From: Martin Schwidefsky <schwidefsky@de.ibm.com>

This fixes a problem in sys_swapon that can cause the creation of invalid
swap ptes.  This has its cause in the arch-independent swap entries vs.
the pte coded swap entries.  The swp_entry_t uses 27 bits for the offset
and 5 bits for the type.  In sys_swapon this definition is used to find how
many swap devices and how many pages on each device there can be.  But the
swap entries encoded in a pte can be subject to additional restrictions due
to the hardware besides the 27/5 division of the bits in the swp_entry_t
type.  This is solved by adding pte_to_swp_entry and swp_entry_to_pte calls
to the calculations for maximum type and offset.

In addition the s390 swap pte division for offset/type is changed from 19/6
bits to 20/5 bits.

diff --git a/include/asm-s390/pgtable.h b/include/asm-s390/pgtable.h
index 06a30c75548ea7659facb94b42af6d2b0059e7cc..1168f8626aa2a2d1f8b1f25c4bb04d2c45ce34d8 100644 (file)
--- a/include/asm-s390/pgtable.h
+++ b/include/asm-s390/pgtable.h
@@ -719,14 +719,14 @@ extern inline pmd_t * pmd_offset(pgd_t * dir, unsigned long address)
  * information in the lowcore.
  * Bit 21 and bit 22 are the page invalid bit and the page protection
  * bit.

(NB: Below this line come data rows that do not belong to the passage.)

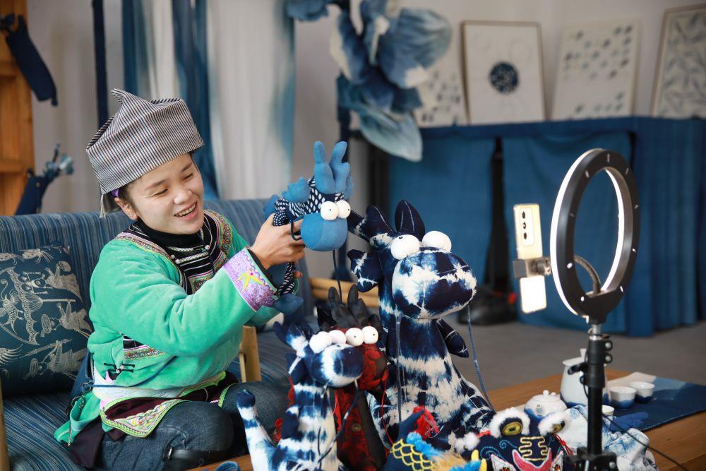 △2024年1月30日,貴州黔東南州榕江縣青于藍藍染藝術中心內(nèi),繡娘在直播帶貨。
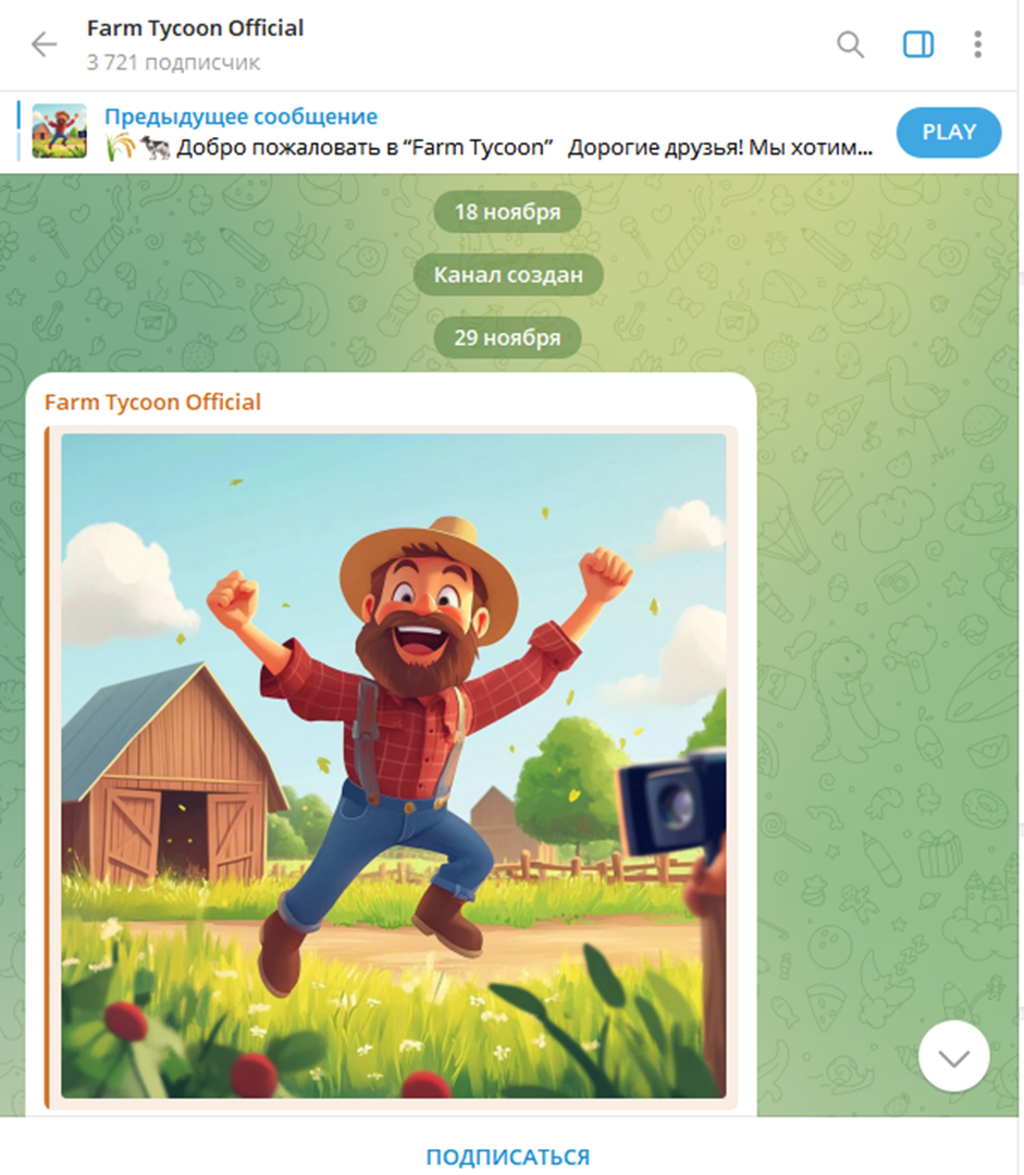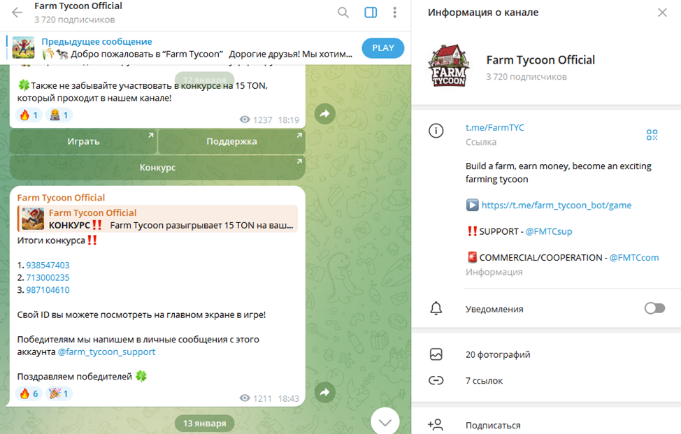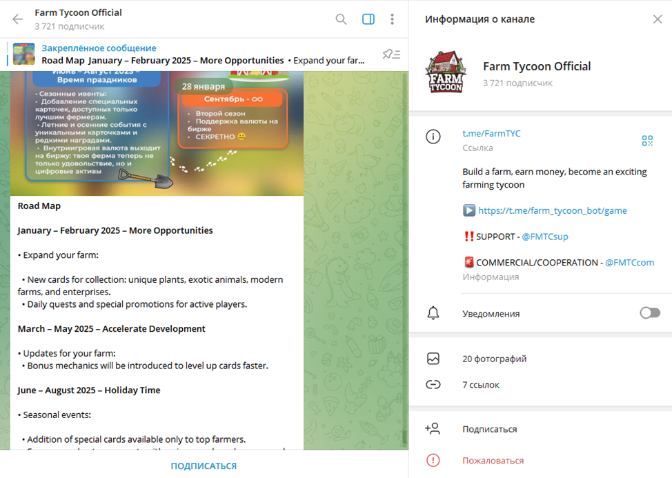 Проект живет и развивается исключительно в пределах Telegram. Информационный телеграм-канал расположен по адресу Farmtyc. По состоянию на 11 февраля 2025 года лента имела 3750 подписчиков. Это честная аудитория без явной накрутки. На канале закрыты комментарии, что не позволяет получить фидбек от реальных пользователей, которые играют с первых дней запуска проекта.Служба поддержки готова решить любой внутриигровой вопрос – достаточно написать сообщение владельцу профиля FMTCsup.
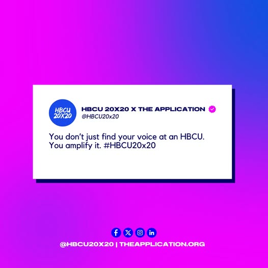 HBCU 20x20 - THE HBCU 20X20 FOUNDATION The Application One Application At A Time. Find Your Next Opportunity Welcome to the home of The Application and HBCU 20x20. We are the nations leading free resource for academic and career access. Our community of 25000 and growing represents 60 Colleges and Universities k12 school districts and 600 corporate partners committed to our mission.
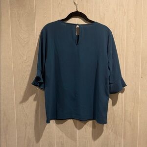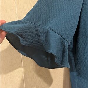 This elegant blue women's top features stylish ruffled sleeves, perfect for any occasion. Its classic design offers both comfort and sophistication.
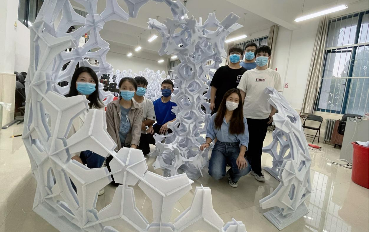 此次建筑模型大赛以“融合”为主题,要求参赛队伍将自然与人和谐共处的意境用建筑语言进行表达,受疫情影响,本次比赛分为线下搭建和线上汇报两个部分,团队成员从初期概念模型构思、结构设计单元确定,到后期整体模型搭建及现场成果展示汇报等方面进行一系列的创作。
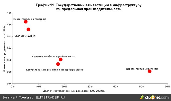 На графике 11 показан процент государственных расходов, распределенных по категориям с 1992 по 2003 гг., и оценка инвестиционной эффективности по расчетам Дои-Ихори. Как видно, большая часть ресурсов пошла развитие проектов с низкой отдачей. Общий объем государственных средств, направленных в три группы инфраструктурных проектов, составил 213 трлн иен за период с 1992 и 2003 гг. (89% от всего объема государственных инвестиций за этот период).
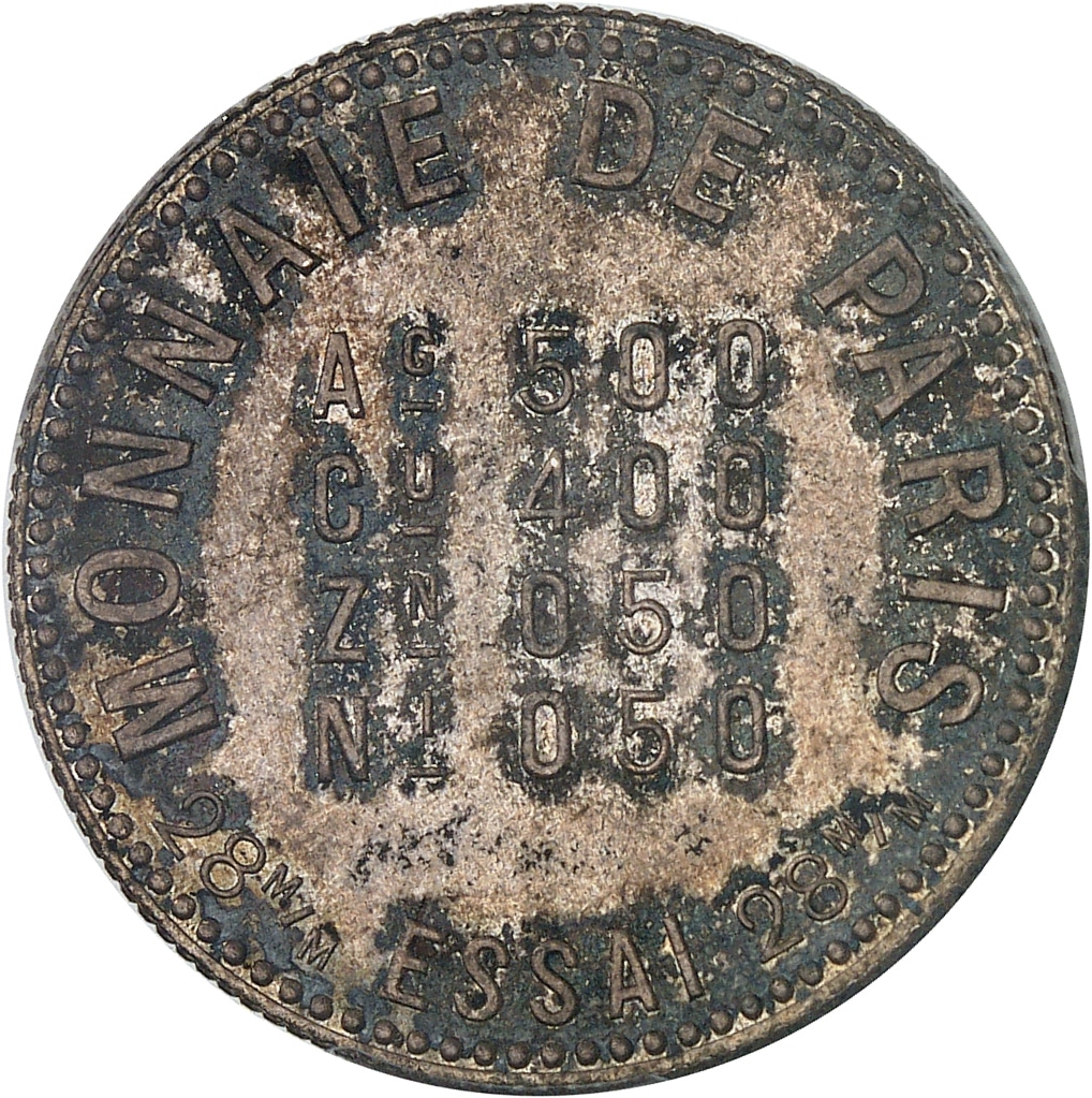 Rv. MONNAIE DE PARIS/ 28 M/M ESSAI 28 M/M. Composition de l'alliage en quatre lignes : Ag 500/ Cu 400/ Zn 050/ Ni 050.

We set both to indicate a swapped page.
- * Bit 31 is used as the software page present bit. If a page is
- * swapped this obviously has to be zero.
- * This leaves the bits 1-19 and bits 24-30 to store type and offset.
- * We use the 7 bits from 24-30 for the type and the 19 bits from 1-19
- * for the offset.
- * 0|     offset      |0110|type |0
- * 00000000001111111111222222222233
- * 01234567890123456789012345678901
+ * Bit 30 and 31 are used to distinguish the different page types. For
+ * a swapped page these bits need to be zero.
+ * This leaves the bits 1-19 and bits 24-29 to store type and offset.
+ * We use the 5 bits from 25-29 for the type and the 20 bits from 1-19
+ * plus 24 for the offset.
+ * 0|     offset        |0110|o|type |00|
+ * 0 0000000001111111111 2222 2 22222 33
+ * 0 1234567890123456789 0123 4 56789 01
  *
  * 64 bit swap entry format:
  * A page-table entry has some bits we have to treat in a special way.
@@ -736,29 +736,25 @@ extern inline pmd_t * pmd_offset(pgd_t * dir, unsigned long address)
  * information in the lowcore.
  * Bit 53 and bit 54 are the page invalid bit and the page protection
  * bit. We set both to indicate a swapped page.
- * Bit 63 is used as the software page present bit. If a page is
- * swapped this obviously has to be zero.
- * This leaves the bits 0-51 and bits 56-62 to store type and offset.
- * We use the 7 bits from 56-62 for the type and the 52 bits from 0-51
- * for the offset.
- * |                     offset                       |0110|type |0
- * 0000000000111111111122222222223333333333444444444455555555556666
- * 0123456789012345678901234567890123456789012345678901234567890123
+ * Bit 62 and 63 are used to distinguish the different page types. For
+ * a swapped page these bits need to be zero.
+ * This leaves the bits 0-51 and bits 56-61 to store type and offset.
+ * We use the 5 bits from 57-61 for the type and the 53 bits from 0-51
+ * plus 56 for the offset.
+ * |                      offset                        |0110|o|type |00|
+ *  0000000000111111111122222222223333333333444444444455 5555 5 55566 66
+ *  0123456789012345678901234567890123456789012345678901 2345 6 78901 23
  */
 extern inline pte_t mk_swap_pte(unsigned long type, unsigned long offset)
 {
        pte_t pte;
-       pte_val(pte) = (type << 1) | (offset << 12) | _PAGE_INVALID_SWAP;
-#ifndef __s390x__
-       BUG_ON((pte_val(pte) & 0x80000901) != 0);
-#else /* __s390x__ */
-       BUG_ON((pte_val(pte) & 0x901) != 0);
-#endif /* __s390x__ */
+       pte_val(pte) = _PAGE_INVALID_SWAP | ((type & 0x1f) << 2) |
+               ((offset & 1) << 7) | ((offset & 0xffffe) << 11);
        return pte;
 }
 
-#define __swp_type(entry)      (((entry).val >> 1) & 0x3f)
-#define __swp_offset(entry)    ((entry).val >> 12)
+#define __swp_type(entry)      (((entry).val >> 2) & 0x1f)
+#define __swp_offset(entry)    (((entry).val >> 11) | (((entry).val >> 7) & 1))
 #define __swp_entry(type,offset) ((swp_entry_t) { pte_val(mk_swap_pte((type),(offset))) })
 
 #define __pte_to_swp_entry(pte)        ((swp_entry_t) { pte_val(pte) })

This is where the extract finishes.